Below are entries. Reproduce exactly the lines between the line holding "倒入切好的土豆丝翻炒 放少许盐 鸡精 40粒,生抽少许" and the line holding "Ориентировочно так, схема", inclusive, and only those.
====== Records provided
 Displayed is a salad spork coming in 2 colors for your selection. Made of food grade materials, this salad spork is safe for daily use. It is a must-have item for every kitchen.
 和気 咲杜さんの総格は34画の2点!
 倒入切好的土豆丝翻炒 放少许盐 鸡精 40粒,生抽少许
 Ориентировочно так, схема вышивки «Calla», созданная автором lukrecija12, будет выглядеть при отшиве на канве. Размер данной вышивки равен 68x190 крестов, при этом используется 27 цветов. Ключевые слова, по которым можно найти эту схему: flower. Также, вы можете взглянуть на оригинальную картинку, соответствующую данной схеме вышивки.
============
====== Records provided
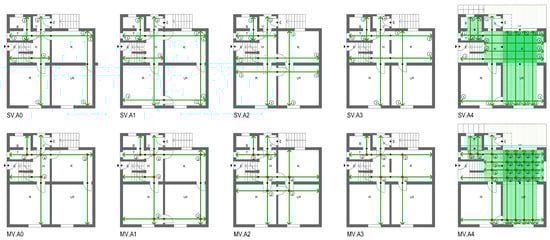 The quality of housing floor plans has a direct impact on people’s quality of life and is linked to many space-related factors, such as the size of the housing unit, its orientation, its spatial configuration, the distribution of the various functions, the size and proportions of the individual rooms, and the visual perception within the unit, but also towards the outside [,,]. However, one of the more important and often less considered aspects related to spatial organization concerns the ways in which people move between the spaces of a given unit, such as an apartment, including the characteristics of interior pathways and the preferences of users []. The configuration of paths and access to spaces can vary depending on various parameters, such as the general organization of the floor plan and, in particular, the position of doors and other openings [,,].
============
> _Solution to the exercise_
 倒入切好的土豆丝翻炒 放少许盐 鸡精 40粒,生抽少许
 Ориентировочно так, схема вышивки «Calla», созданная автором lukrecija12, будет выглядеть при отшиве на канве. Размер данной вышивки равен 68x190 крестов, при этом используется 27 цветов. Ключевые слова, по которым можно найти эту схему: flower. Также, вы можете взглянуть на оригинальную картинку, соответствующую данной схеме вышивки.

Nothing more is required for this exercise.